(Records contained in a dataset)

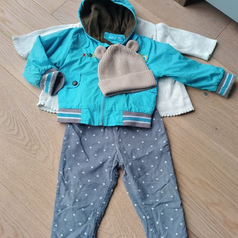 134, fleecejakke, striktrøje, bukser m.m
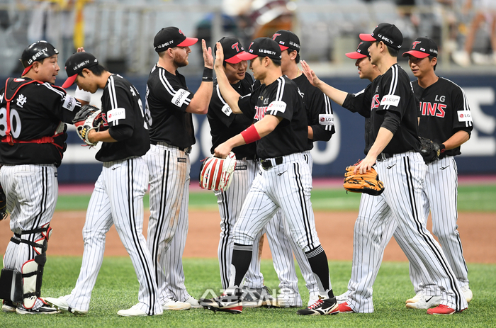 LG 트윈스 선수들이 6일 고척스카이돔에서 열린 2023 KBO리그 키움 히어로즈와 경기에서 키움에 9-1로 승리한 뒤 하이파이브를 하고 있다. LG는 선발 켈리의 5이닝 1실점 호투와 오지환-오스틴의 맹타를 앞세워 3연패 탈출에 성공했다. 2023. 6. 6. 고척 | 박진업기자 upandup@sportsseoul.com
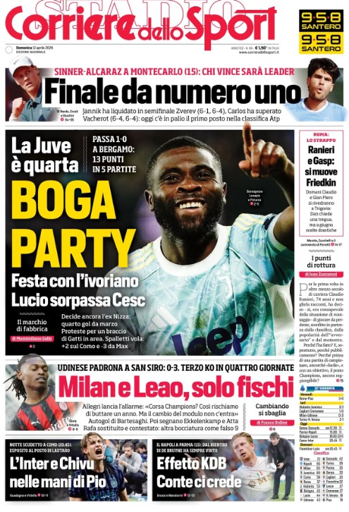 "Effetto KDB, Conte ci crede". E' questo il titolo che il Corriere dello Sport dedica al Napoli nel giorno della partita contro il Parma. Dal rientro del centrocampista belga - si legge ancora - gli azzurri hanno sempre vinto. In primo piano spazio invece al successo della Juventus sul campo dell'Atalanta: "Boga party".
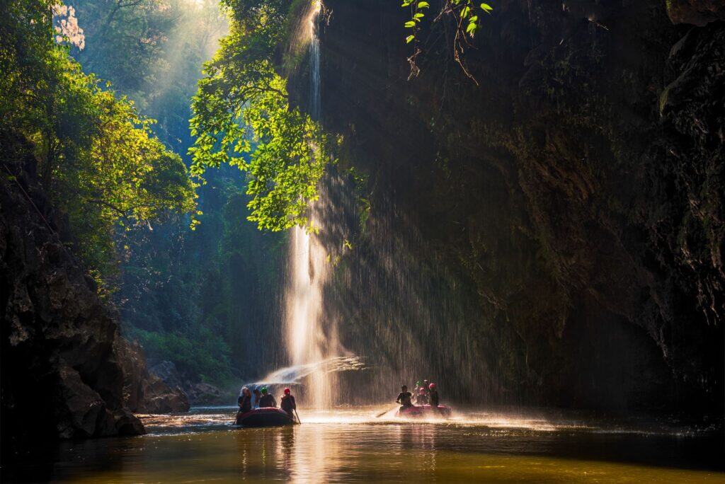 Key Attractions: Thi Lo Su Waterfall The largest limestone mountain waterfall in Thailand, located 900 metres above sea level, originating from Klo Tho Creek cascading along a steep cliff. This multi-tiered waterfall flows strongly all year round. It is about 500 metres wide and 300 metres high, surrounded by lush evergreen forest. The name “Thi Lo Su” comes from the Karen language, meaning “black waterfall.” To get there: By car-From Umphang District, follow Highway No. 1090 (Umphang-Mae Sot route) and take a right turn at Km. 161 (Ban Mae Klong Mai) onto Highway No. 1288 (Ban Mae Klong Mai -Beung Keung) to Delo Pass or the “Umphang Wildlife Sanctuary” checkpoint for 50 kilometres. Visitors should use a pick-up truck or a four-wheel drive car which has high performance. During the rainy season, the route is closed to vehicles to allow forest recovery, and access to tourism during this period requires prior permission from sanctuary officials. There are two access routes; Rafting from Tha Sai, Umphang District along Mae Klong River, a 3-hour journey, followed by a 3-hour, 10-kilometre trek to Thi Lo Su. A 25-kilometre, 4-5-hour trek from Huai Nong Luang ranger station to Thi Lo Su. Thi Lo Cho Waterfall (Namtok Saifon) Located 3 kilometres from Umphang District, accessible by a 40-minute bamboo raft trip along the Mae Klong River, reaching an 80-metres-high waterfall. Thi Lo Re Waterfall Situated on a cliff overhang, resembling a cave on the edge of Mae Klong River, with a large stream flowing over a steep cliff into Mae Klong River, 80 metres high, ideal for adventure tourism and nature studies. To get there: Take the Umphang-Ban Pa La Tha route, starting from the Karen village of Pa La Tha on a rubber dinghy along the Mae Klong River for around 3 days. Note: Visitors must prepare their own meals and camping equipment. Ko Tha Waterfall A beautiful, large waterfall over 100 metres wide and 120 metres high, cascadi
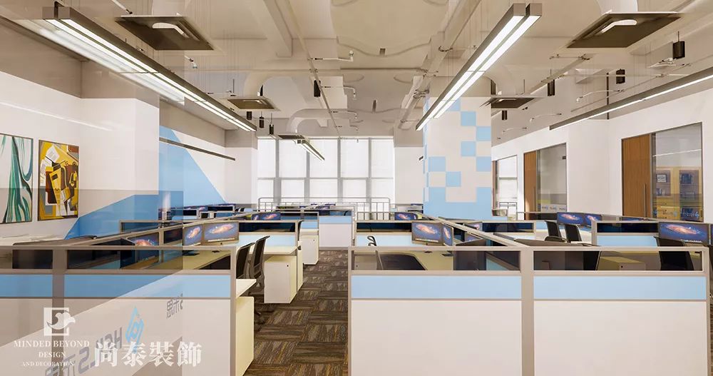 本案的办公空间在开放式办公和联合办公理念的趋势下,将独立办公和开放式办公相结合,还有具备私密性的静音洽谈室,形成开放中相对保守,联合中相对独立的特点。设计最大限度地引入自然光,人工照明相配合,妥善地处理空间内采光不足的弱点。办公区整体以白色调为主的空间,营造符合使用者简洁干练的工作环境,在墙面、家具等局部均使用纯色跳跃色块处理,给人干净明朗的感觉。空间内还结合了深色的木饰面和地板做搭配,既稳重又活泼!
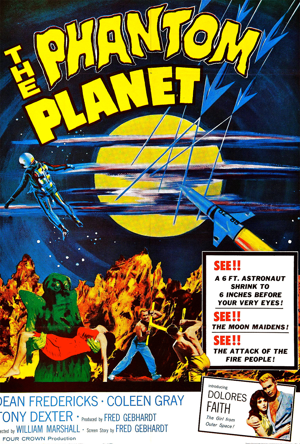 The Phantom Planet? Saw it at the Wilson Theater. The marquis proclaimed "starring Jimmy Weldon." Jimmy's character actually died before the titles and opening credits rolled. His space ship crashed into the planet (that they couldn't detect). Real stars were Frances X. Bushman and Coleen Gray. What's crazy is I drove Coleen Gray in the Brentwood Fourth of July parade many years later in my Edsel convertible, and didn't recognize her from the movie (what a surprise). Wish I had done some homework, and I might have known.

TRY IT:
Retype each record exactly as it appears above and drop the images.

EXPECTED ANSWER:
 134, fleecejakke, striktrøje, bukser m.m
 LG 트윈스 선수들이 6일 고척스카이돔에서 열린 2023 KBO리그 키움 히어로즈와 경기에서 키움에 9-1로 승리한 뒤 하이파이브를 하고 있다. LG는 선발 켈리의 5이닝 1실점 호투와 오지환-오스틴의 맹타를 앞세워 3연패 탈출에 성공했다. 2023. 6. 6. 고척 | 박진업기자 upandup@sportsseoul.com
 "Effetto KDB, Conte ci crede". E' questo il titolo che il Corriere dello Sport dedica al Napoli nel giorno della partita contro il Parma. Dal rientro del centrocampista belga - si legge ancora - gli azzurri hanno sempre vinto. In primo piano spazio invece al successo della Juventus sul campo dell'Atalanta: "Boga party".
 Key Attractions: Thi Lo Su Waterfall The largest limestone mountain waterfall in Thailand, located 900 metres above sea level, originating from Klo Tho Creek cascading along a steep cliff. This multi-tiered waterfall flows strongly all year round. It is about 500 metres wide and 300 metres high, surrounded by lush evergreen forest. The name “Thi Lo Su” comes from the Karen language, meaning “black waterfall.” To get there: By car-From Umphang District, follow Highway No. 1090 (Umphang-Mae Sot route) and take a right turn at Km. 161 (Ban Mae Klong Mai) onto Highway No. 1288 (Ban Mae Klong Mai -Beung Keung) to Delo Pass or the “Umphang Wildlife Sanctuary” checkpoint for 50 kilometres. Visitors should use a pick-up truck or a four-wheel drive car which has high performance. During the rainy season, the route is closed to vehicles to allow forest recovery, and access to tourism during this period requires prior permission from sanctuary officials. There are two access routes; Rafting from Tha Sai, Umphang District along Mae Klong River, a 3-hour journey, followed by a 3-hour, 10-kilometre trek to Thi Lo Su. A 25-kilometre, 4-5-hour trek from Huai Nong Luang ranger station to Thi Lo Su. Thi Lo Cho Waterfall (Namtok Saifon) Located 3 kilometres from Umphang District, accessible by a 40-minute bamboo raft trip along the Mae Klong River, reaching an 80-metres-high waterfall. Thi Lo Re Waterfall Situated on a cliff overhang, resembling a cave on the edge of Mae Klong River, with a large stream flowing over a steep cliff into Mae Klong River, 80 metres high, ideal for adventure tourism and nature studies. To get there: Take the Umphang-Ban Pa La Tha route, starting from the Karen village of Pa La Tha on a rubber dinghy along the Mae Klong River for around 3 days. Note: Visitors must prepare their own meals and camping equipment. Ko Tha Waterfall A beautiful, large waterfall over 100 metres wide and 120 metres high, cascadi
 本案的办公空间在开放式办公和联合办公理念的趋势下,将独立办公和开放式办公相结合,还有具备私密性的静音洽谈室,形成开放中相对保守,联合中相对独立的特点。设计最大限度地引入自然光,人工照明相配合,妥善地处理空间内采光不足的弱点。办公区整体以白色调为主的空间,营造符合使用者简洁干练的工作环境,在墙面、家具等局部均使用纯色跳跃色块处理,给人干净明朗的感觉。空间内还结合了深色的木饰面和地板做搭配,既稳重又活泼!
 The Phantom Planet? Saw it at the Wilson Theater. The marquis proclaimed "starring Jimmy Weldon." Jimmy's character actually died before the titles and opening credits rolled. His space ship crashed into the planet (that they couldn't detect). Real stars were Frances X. Bushman and Coleen Gray. What's crazy is I drove Coleen Gray in the Brentwood Fourth of July parade many years later in my Edsel convertible, and didn't recognize her from the movie (what a surprise). Wish I had done some homework, and I might have known.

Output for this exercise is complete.